Seated ab workout. Bend to the side to target. Now youre going to slowly twist to the right and hold for one second while contracting your core. Sit leaning slightly backwards in a reclining bench or chair with your knees together and.

With your right foot raised bring your left hand to meet your right shoulder extending your right hand all the way. Do modified ab crunches. After the one second return to the starting position and do the left side then repeat.

Easy Ab Crunches Sit on the front of your chair with your legs together knees bent at a 90-degree angle feet flat on the ground arms up and bent at the elbows with fingers interlaced behind your head.
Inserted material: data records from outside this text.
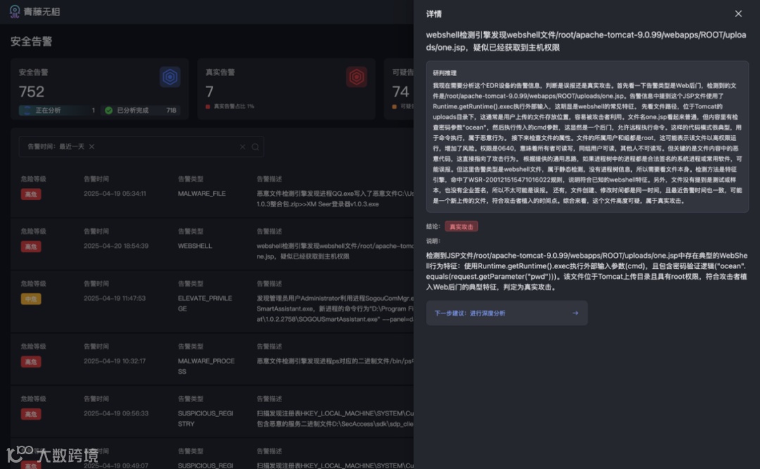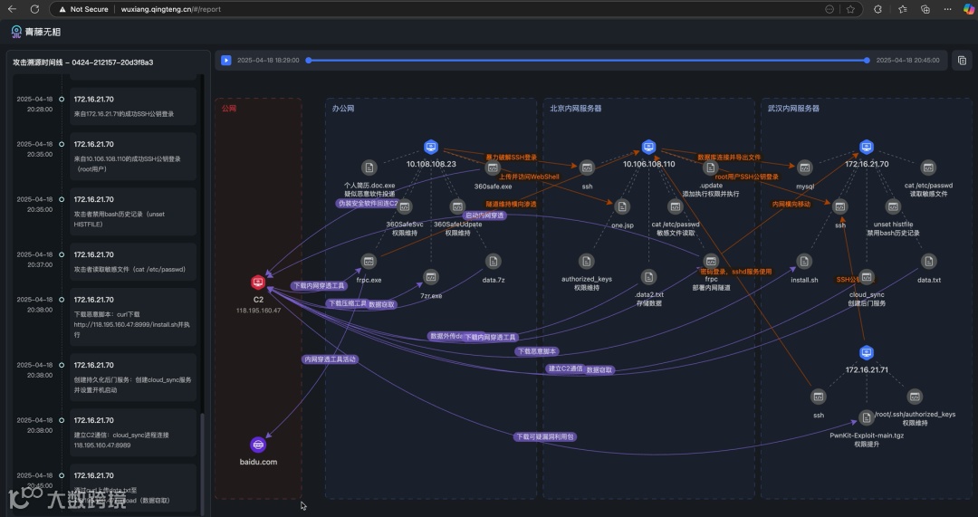 在具体应用场景中,“无相”展现出超越传统工具的效能。在告警研判环节,其智能体通过融合机器学习与规则引擎,将误报率从行业平均的72%降至0.01%,某证券交易所使用后,安全团队的日均告警处理量从8000条骤减至6条,彻底解决了“告警疲劳”难题;在攻击溯源场景,系统能自动关联主机日志、网络流量、漏洞库等18类数据源,生成包含127个节点的攻击链图谱,某电商平台遭遇的跨域渗透攻击,传统团队需3天完成的溯源,“无相”仅用17分钟便锁定了攻击入口,并还原出攻击者利用Docker容器漏洞的完整路径;在报告生成环节,其独创的“可视化时间轴”技术将复杂攻击过程转化为可交互的动态图谱,安全分析师的报告撰写时间缩短了92%,且报告内容的完整性和准确性达到人类专家的98%水平。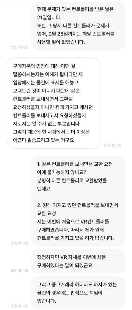 9월 15일, VR 컨트롤러에 이상이 있어 판매자에게 둘 다 교환해달라고 요청하였고 9월 21일 컨트롤러를 받았습니다.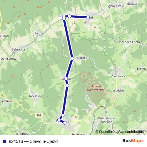 The first stop of the 824516 bus route is Újezd and the last stop is Slavičín,Radnice. 824516 (Slavičín-Újezd) is operational during everyday.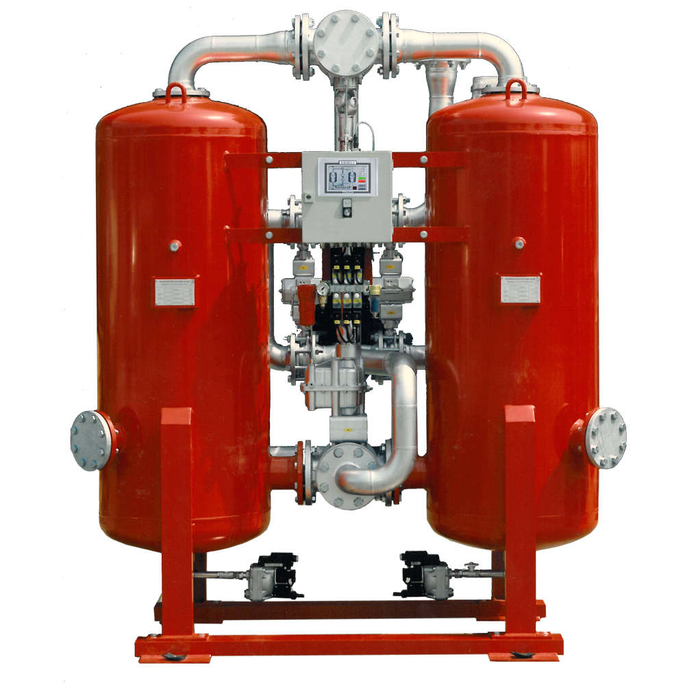 WKv series dryers are so called heat of compression dryers (HOC), in contrast to conventional adsorption dryers, HOC dryers make use of excess heat from oil-free compressors to regenerate the desiccant beds thereby eliminating the requirement for an installed heater. HOC dryers are therefore a cost and energy efficient solution.

The Seated Ab Circle is our beginner version bottom up rotation exercise. Twist your torso all the way to the right as far as you can.

From here gently twist your torso to the right as far as comfortable. Extend legs straight in front of you contract your abs and begin making clockwise and counterclockwise circles with your legs. Performing Ab Strengthening Moves 1.

Get into the starting position as shown in position A with both hands set at 90 degrees. Sitting upright in your chair raise your right foot slightly off the ground. Sit on the floor with arms extended at your sides and palms flat on the floor.

Sit tall in a chair with your feet flat on the floor and hold a light medicine ball dumbbell or other similarly weighted object in front of your chest. Return to centre and repeat the motion to your left. Extend your arms to hold the ball at eye level in front of you with elbows slightly bent.

Download the FREE HASfit app. Engage your core and lean back until your back grazes your chair back.